**Your objective**
Line by line, transcribe the data below exactly and pass over the images.

**Data provided**
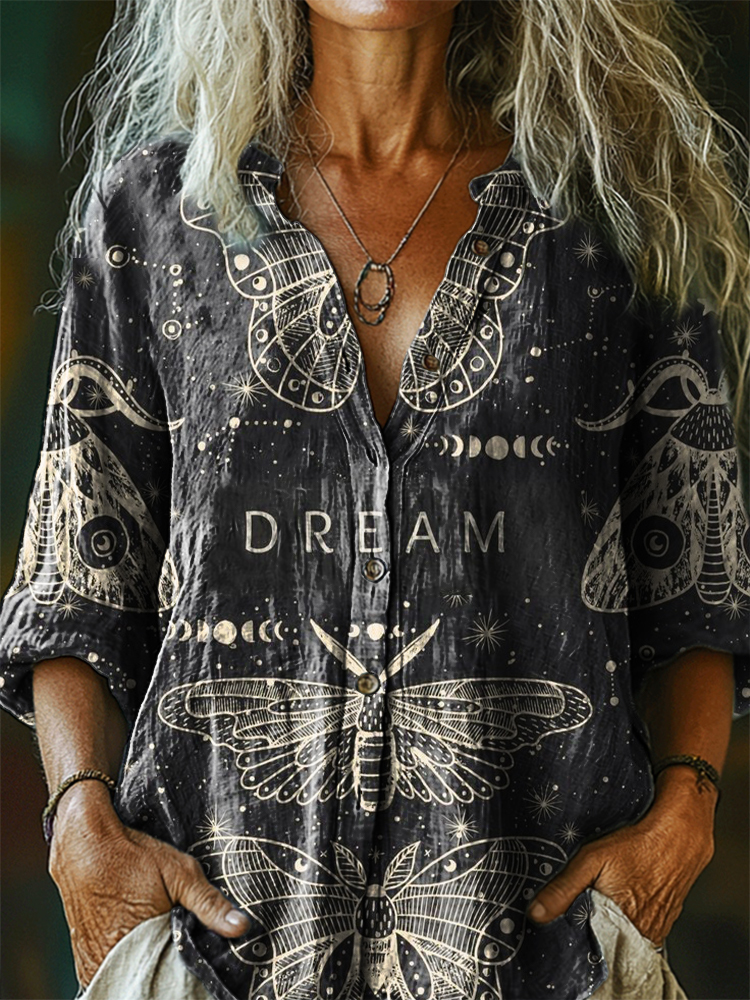 Women's Starmoon Butterfly Art Print Casual Cotton Linen Shirt
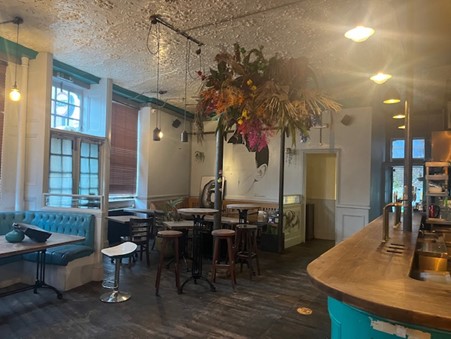 The ground floor has a shop front entrance which provides access into the sitting area along with built in kitchen and bar while to the side there is a small garden for outside seating which is accessed from ground floor level.
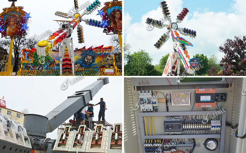 Speed windmill rides is one kind of the large-scale thrill amusement park machines which are given up-to-date idea and high technology. While Speed Windmill is working,the main column will be raised up slowly, and then it circles both in positive and negative revolution. Meanwhile the support arms also circles at a very high speed. Under this condition the center of gravity changes and the cabin begins tumbling freely and irregularly.
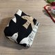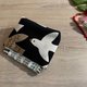 「北境小鳥」以黑與米白的強烈對比,勾勒出姿態可愛的小鳥剪影,像是在北境森林裡輕盈飛過,留下一段安靜卻溫暖的風景。布面上的鳥羽線條帶點樸拙的手繪感,搭配淺色系幾何內裡,展現北歐風特有的簡潔與自然氣息,非常耐看。
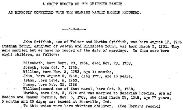 This is a history of the Griffith family descended from Walter Griffith, who married Martha Cox in Christ Church, Philadelphia in 1720. The Griffith family is related to my Hopkins family through the marriage of Martha Griffith, grand-daughter of Walter and Martha, to Hezekiah Hopkins in 1789.
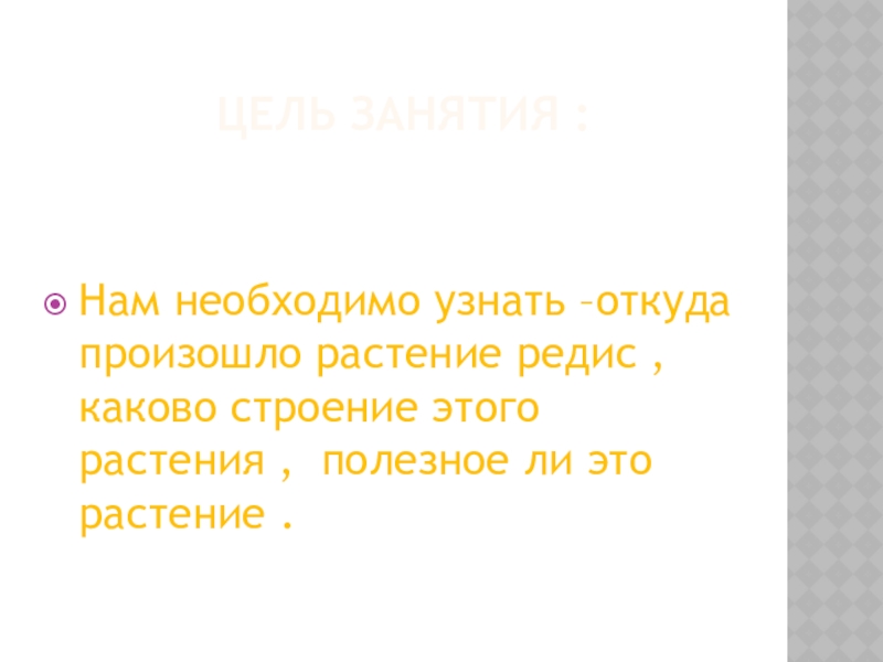 ЦЕЛЬ ЗАНЯТИЯ :Нам необходимо узнать –откуда произошло растение редис , каково

**Answer space**
 Women's Starmoon Butterfly Art Print Casual Cotton Linen Shirt
 The ground floor has a shop front entrance which provides access into the sitting area along with built in kitchen and bar while to the side there is a small garden for outside seating which is accessed from ground floor level.
 Speed windmill rides is one kind of the large-scale thrill amusement park machines which are given up-to-date idea and high technology. While Speed Windmill is working,the main column will be raised up slowly, and then it circles both in positive and negative revolution. Meanwhile the support arms also circles at a very high speed. Under this condition the center of gravity changes and the cabin begins tumbling freely and irregularly.
 「北境小鳥」以黑與米白的強烈對比,勾勒出姿態可愛的小鳥剪影,像是在北境森林裡輕盈飛過,留下一段安靜卻溫暖的風景。布面上的鳥羽線條帶點樸拙的手繪感,搭配淺色系幾何內裡,展現北歐風特有的簡潔與自然氣息,非常耐看。
 This is a history of the Griffith family descended from Walter Griffith, who married Martha Cox in Christ Church, Philadelphia in 1720. The Griffith family is related to my Hopkins family through the marriage of Martha Griffith, grand-daughter of Walter and Martha, to Hezekiah Hopkins in 1789.
 ЦЕЛЬ ЗАНЯТИЯ :Нам необходимо узнать –откуда произошло растение редис , каково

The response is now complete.